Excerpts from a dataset
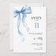 Make your teenager's special day even more memorable with our 11th birthday invitation featuring a beautiful blue bow design. This elegant and classy invitation is an editable template that you can personalize easily, making it perfect for a 11-year-old girl’s celebration party. With its minimalist style and charming watercolor coquette element, this invitation is not only visually appealing but also practical, allowing you to send a stylish blue ribbon invite with just a few clicks. Choose our printable card to ensure that every detail stands out as you invite friends and family to join in the festivities. Celebrate her journey into teenage years with a stunning invite.
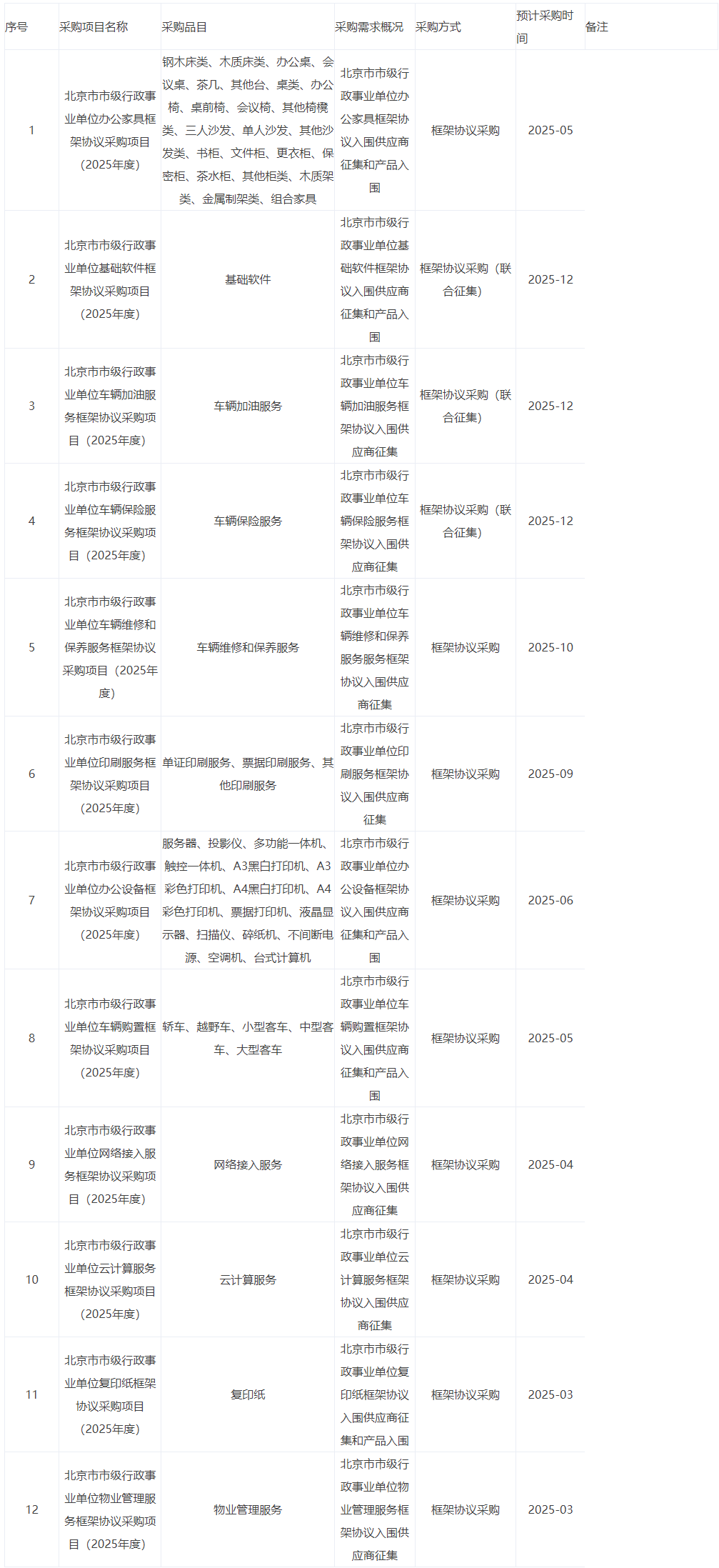 为便于供应商及时了解政府采购信息,根据《财政部关于开展政府采购意向公开工作的通知》(财库[2020]10号)等有关规定, 现将北京市公共资源交易中心(北京市政府采购中心) 2025 年2 (至)12 月北京市协议采购项目采购意向公开如下:
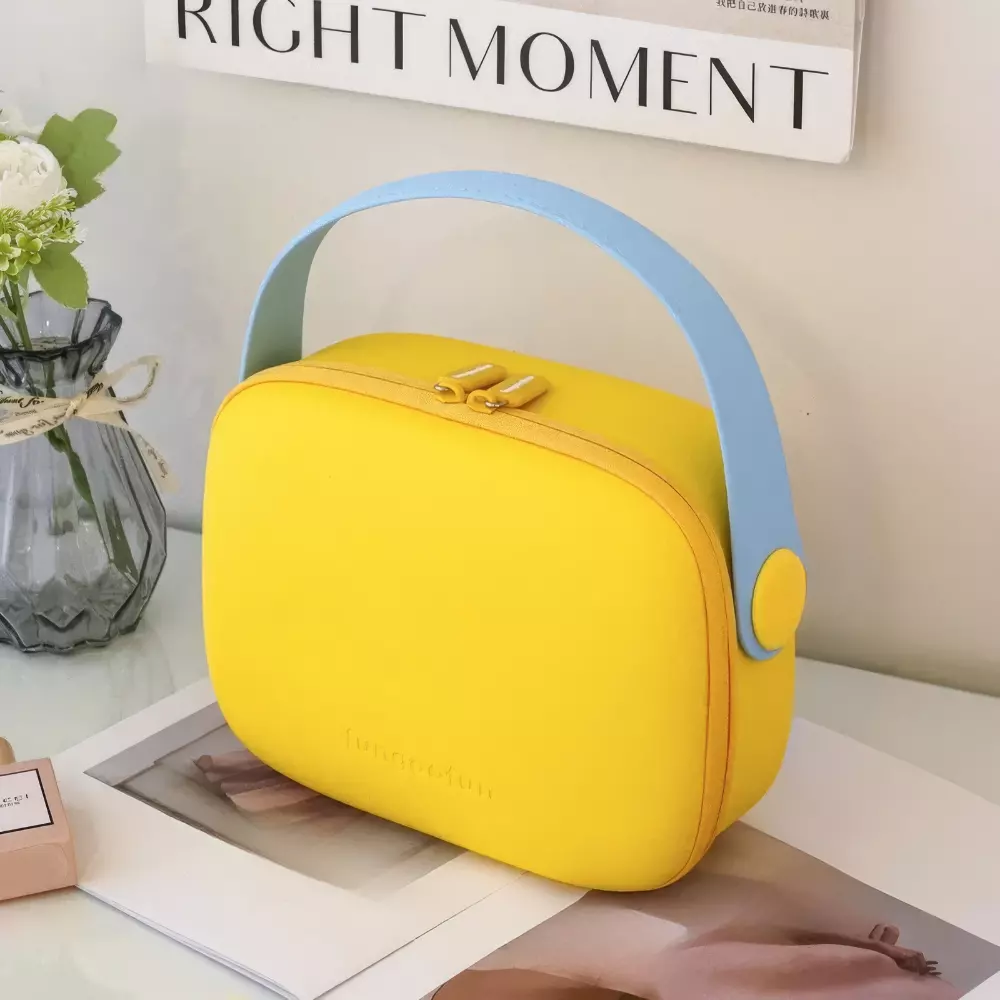 делает косметичку стильным аксессуаром, а жёлтый цвет добавляет
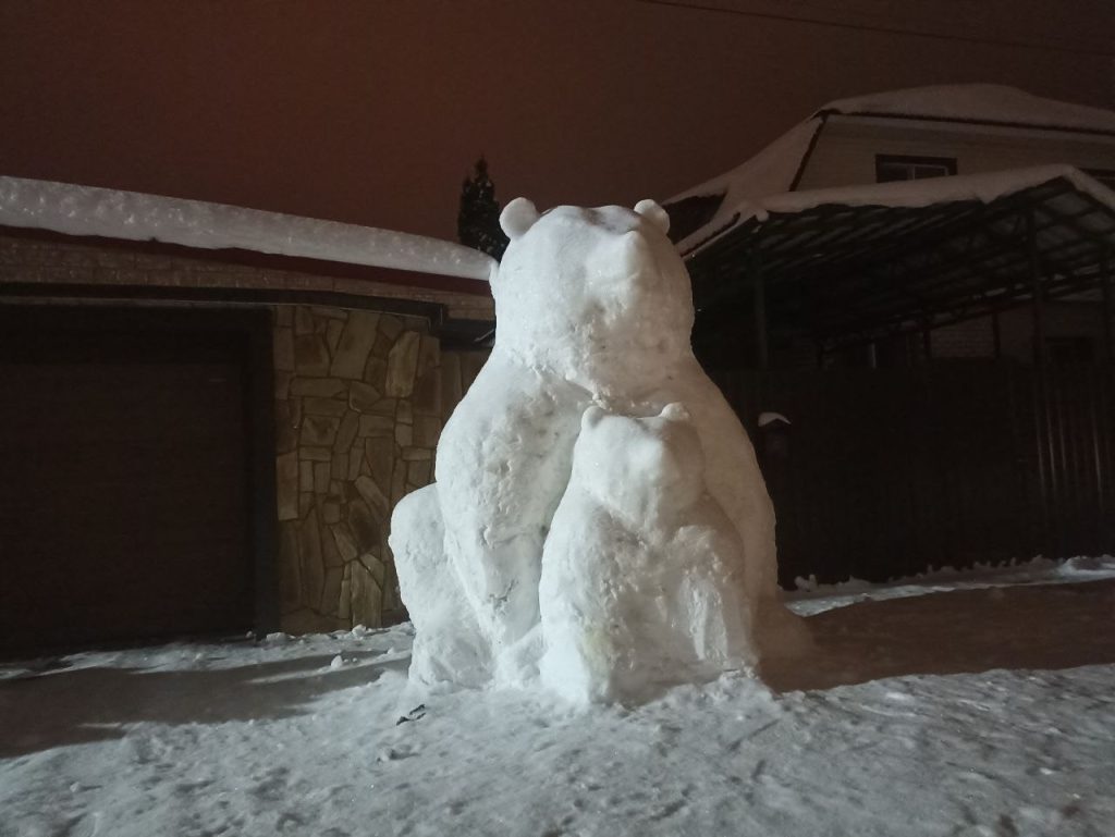 На улицах у Сырзавода в городе из снега слепили медведя с медвежонком и еще много различных фигур: несколько елочек, снежный трон.
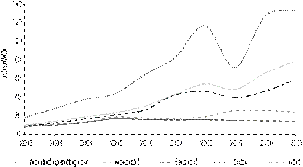 In the electricity sector (see Figure 1), the energy policy choices made resulted in the regulatory model tending towards an increasing separation between the operating marginal cost and the average (monomial) cost with respect to the price for the different categories of users. The differences between the monomial price and the price for large industrial users (or system coverage) tended to remain stable until 2008, with demand paying almost 90% of the energy price on average. By 2011, there was a decrease, with system coverage at 75%. The opposite was the case for residential consumers, whose coverage went from 90% in 2002 to barely 18% in 2011, which shows the design and objectives of the segmentation established by the energy policy. The difference between the electricity prices paid by the different users and the average cost of the system was covered by subsidies, which amounted to 1.2% of GDP in 2011 (Secretaría de Gobierno de Energía, 2019). The increase in the cost of the electricity sector was due to the lack of investment in the expansion of thermal power plants following the break with the marginalist model from 2002, which attempted to be compensated by supply contracts and public investment (Haselip and Potter, 2010; Navarro Rocha, 2021) and to problems upstream in the energy chain due to the decline in local extraction of natural gas (Serrani and Barrera, 2018), a key fuel since 60% of the electricity supply originates from thermal sources.
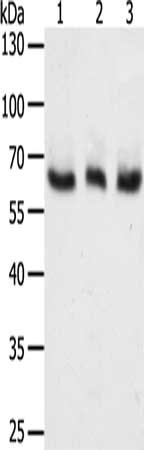 Gel: 10%SDS-PAGE, Lysate: 50 μg, Lane 1-3: A375 cells, Hela cells, Jurkat cells, Primary antibody: CSB-PA986893(TYR Antibody) at dilution 1/400, Secondary antibody: Goat anti rabbit IgG at 1/8000 dilution, Exposure time: 3 minutes
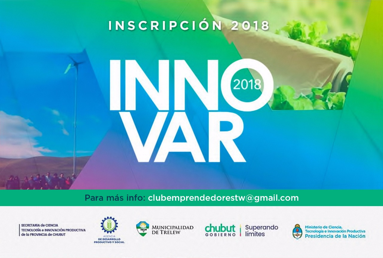 El próximo lunes 7 de mayo se realizará en instalaciones del Club de Emprendedores de Trelew el lanzamiento del “Concurso Nacional INNOVAR 2018”. Con la presencia de autoridades provinciales y municipales el proyecto se presentará en Fontana 355 a partir de las 11 horas. Mediante este proyecto se busca impulsar las invenciones de impacto social y comercial y emprendimientos de base tecnológica.
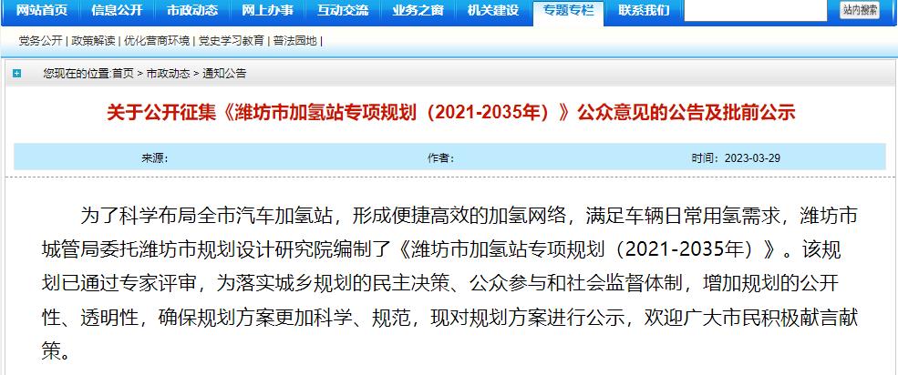 氫啟未來網(wǎng)獲悉,近日,為了科學(xué)布局濰坊市汽車加氫站,形成便捷高效的加氫網(wǎng)絡(luò),滿足車輛日常用氫需求,濰坊市城管局委托濰坊市規(guī)劃設(shè)計(jì)研究院編制了《濰坊市加氫站專項(xiàng)規(guī)劃(2021-2035年)》。
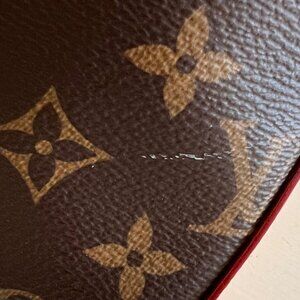 Well loved and cared for! Small mark on bottom leather (see photos) and oil/lotion minimal marking on handles (see photos) Washable marks on where the handle length has been placed. Small leather scratch on bottom right (see photos)
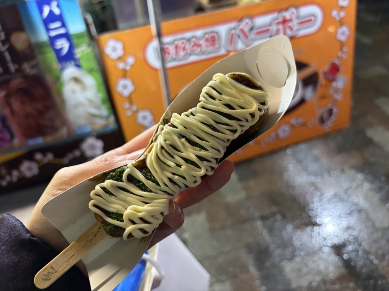 お好み焼き バーボーで豚バラをチョイス。ワンハンドお好み焼きで屋台グルメにピッタリ!
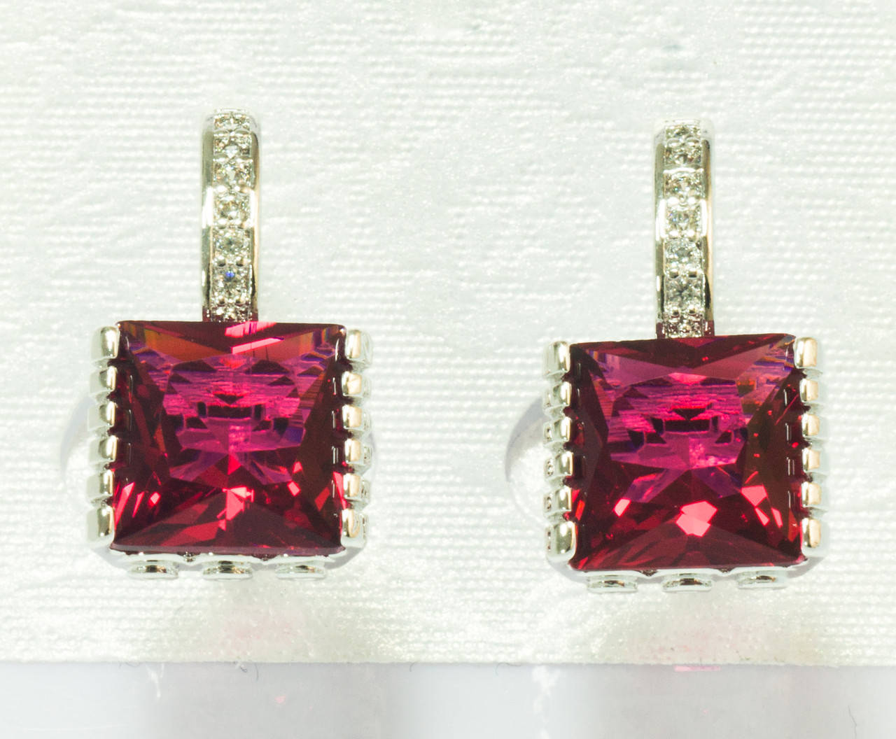 Серьги родированные, Квадрат с красным цирконием, медсталь Xuping

TASK DIRECTIONS:
Exactly as written, restate the lines above from the opening line through the one holding "На улицах у", omitting the pictures.

ANSWER:
 Make your teenager's special day even more memorable with our 11th birthday invitation featuring a beautiful blue bow design. This elegant and classy invitation is an editable template that you can personalize easily, making it perfect for a 11-year-old girl’s celebration party. With its minimalist style and charming watercolor coquette element, this invitation is not only visually appealing but also practical, allowing you to send a stylish blue ribbon invite with just a few clicks. Choose our printable card to ensure that every detail stands out as you invite friends and family to join in the festivities. Celebrate her journey into teenage years with a stunning invite.
 为便于供应商及时了解政府采购信息,根据《财政部关于开展政府采购意向公开工作的通知》(财库[2020]10号)等有关规定, 现将北京市公共资源交易中心(北京市政府采购中心) 2025 年2 (至)12 月北京市协议采购项目采购意向公开如下:
 делает косметичку стильным аксессуаром, а жёлтый цвет добавляет
 На улицах у Сырзавода в городе из снега слепили медведя с медвежонком и еще много различных фигур: несколько елочек, снежный трон.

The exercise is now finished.